# Task prompt:
What you return should be exactly the lines from the one containing "Oropesa ha recuperado" down to the final line of the listing, with nothing else.

[Dataset extract Boundary: Start]

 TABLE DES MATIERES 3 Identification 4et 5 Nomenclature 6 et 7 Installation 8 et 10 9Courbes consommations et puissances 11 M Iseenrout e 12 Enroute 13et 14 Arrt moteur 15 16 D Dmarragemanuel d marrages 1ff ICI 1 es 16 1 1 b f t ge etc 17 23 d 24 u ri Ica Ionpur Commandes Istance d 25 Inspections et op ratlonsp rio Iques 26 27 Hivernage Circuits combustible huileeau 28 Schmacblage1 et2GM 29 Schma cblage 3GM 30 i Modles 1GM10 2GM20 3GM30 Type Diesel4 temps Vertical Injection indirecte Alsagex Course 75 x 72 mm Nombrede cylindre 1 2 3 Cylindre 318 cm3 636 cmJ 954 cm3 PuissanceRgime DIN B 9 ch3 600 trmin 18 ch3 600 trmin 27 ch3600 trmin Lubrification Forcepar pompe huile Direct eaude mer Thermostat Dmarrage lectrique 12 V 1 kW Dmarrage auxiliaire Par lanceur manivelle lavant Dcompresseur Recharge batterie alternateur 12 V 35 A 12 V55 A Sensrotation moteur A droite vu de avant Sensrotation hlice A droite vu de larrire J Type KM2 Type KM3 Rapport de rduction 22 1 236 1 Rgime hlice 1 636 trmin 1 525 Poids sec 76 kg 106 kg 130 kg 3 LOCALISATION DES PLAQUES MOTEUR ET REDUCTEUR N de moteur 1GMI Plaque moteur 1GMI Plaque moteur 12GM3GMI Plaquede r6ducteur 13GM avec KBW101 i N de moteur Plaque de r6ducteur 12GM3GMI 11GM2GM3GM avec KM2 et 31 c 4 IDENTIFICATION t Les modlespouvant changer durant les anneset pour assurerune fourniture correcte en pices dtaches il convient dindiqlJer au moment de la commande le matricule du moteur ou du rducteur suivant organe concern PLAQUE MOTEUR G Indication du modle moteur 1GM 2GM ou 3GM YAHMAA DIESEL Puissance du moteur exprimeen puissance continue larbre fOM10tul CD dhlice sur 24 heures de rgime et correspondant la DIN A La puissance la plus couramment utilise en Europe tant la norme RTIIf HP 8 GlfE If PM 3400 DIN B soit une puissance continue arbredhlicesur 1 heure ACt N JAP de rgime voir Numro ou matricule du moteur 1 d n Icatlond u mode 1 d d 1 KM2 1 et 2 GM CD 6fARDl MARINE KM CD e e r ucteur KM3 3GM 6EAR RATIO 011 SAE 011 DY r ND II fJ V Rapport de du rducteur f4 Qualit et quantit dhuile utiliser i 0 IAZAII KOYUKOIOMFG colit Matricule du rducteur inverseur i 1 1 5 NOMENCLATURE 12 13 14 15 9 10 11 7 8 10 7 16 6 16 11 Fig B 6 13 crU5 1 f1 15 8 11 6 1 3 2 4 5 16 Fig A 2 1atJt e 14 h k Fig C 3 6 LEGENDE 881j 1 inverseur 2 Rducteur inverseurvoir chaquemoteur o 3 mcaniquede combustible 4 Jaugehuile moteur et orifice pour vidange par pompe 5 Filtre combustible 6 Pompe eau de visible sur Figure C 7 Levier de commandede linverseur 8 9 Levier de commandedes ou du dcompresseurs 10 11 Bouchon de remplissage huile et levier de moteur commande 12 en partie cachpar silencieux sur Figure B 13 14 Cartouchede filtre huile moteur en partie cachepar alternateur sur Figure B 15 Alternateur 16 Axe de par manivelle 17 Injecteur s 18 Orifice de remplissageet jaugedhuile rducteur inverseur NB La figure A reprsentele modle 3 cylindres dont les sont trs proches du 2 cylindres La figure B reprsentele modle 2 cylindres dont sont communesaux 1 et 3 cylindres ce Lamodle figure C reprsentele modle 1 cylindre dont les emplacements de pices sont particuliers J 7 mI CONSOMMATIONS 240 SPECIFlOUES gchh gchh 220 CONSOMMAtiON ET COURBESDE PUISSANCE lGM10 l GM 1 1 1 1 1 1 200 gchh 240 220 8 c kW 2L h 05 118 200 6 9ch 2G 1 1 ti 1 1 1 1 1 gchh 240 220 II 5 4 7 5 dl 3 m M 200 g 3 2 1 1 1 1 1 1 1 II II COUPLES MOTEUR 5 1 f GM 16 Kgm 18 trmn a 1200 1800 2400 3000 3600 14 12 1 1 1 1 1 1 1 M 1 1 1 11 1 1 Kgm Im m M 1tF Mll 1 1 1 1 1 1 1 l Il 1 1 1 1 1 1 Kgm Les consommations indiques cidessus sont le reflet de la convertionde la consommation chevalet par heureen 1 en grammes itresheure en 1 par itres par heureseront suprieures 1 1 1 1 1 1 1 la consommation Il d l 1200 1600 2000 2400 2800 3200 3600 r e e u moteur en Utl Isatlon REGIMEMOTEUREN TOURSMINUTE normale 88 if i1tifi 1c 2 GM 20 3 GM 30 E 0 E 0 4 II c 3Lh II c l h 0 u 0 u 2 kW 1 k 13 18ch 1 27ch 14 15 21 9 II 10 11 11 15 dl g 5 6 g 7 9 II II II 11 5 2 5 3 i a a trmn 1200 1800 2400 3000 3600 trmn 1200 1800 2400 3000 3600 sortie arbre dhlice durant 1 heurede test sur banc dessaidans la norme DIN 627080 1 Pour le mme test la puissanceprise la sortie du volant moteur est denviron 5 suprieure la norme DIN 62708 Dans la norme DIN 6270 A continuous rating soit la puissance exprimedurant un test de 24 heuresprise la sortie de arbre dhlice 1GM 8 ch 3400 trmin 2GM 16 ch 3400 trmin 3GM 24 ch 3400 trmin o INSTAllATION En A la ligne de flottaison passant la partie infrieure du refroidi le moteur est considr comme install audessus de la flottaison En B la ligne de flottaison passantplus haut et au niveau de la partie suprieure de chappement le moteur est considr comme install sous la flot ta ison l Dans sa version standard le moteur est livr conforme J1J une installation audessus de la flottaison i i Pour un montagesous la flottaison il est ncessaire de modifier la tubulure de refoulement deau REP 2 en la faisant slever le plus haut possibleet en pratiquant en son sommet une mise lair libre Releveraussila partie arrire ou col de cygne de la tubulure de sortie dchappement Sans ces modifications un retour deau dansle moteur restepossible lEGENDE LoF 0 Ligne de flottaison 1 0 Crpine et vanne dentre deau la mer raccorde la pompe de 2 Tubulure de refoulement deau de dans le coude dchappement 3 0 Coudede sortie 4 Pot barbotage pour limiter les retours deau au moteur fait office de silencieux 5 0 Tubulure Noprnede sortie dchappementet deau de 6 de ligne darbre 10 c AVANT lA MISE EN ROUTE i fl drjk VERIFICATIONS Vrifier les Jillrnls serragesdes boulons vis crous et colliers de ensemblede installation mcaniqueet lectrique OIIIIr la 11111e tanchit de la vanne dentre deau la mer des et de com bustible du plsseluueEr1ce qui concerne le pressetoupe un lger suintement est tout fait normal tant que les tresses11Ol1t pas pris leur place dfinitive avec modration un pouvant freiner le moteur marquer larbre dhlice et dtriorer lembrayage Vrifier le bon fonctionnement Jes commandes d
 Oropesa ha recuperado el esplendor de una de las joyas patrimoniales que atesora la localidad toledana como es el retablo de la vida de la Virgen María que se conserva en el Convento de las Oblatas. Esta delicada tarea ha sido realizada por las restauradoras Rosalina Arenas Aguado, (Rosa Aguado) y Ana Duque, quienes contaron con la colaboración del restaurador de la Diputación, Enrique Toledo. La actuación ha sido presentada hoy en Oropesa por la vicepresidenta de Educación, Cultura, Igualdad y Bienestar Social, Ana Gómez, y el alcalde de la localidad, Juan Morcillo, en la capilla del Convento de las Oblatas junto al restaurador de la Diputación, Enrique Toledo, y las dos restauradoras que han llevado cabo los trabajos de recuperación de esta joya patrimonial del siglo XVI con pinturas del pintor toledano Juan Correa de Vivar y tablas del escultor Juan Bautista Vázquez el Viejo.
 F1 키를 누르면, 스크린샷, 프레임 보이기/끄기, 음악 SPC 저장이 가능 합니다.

[Dataset extract Boundary: End]

# Reply to the task:
 Oropesa ha recuperado el esplendor de una de las joyas patrimoniales que atesora la localidad toledana como es el retablo de la vida de la Virgen María que se conserva en el Convento de las Oblatas. Esta delicada tarea ha sido realizada por las restauradoras Rosalina Arenas Aguado, (Rosa Aguado) y Ana Duque, quienes contaron con la colaboración del restaurador de la Diputación, Enrique Toledo. La actuación ha sido presentada hoy en Oropesa por la vicepresidenta de Educación, Cultura, Igualdad y Bienestar Social, Ana Gómez, y el alcalde de la localidad, Juan Morcillo, en la capilla del Convento de las Oblatas junto al restaurador de la Diputación, Enrique Toledo, y las dos restauradoras que han llevado cabo los trabajos de recuperación de esta joya patrimonial del siglo XVI con pinturas del pintor toledano Juan Correa de Vivar y tablas del escultor Juan Bautista Vázquez el Viejo.
 F1 키를 누르면, 스크린샷, 프레임 보이기/끄기, 음악 SPC 저장이 가능 합니다.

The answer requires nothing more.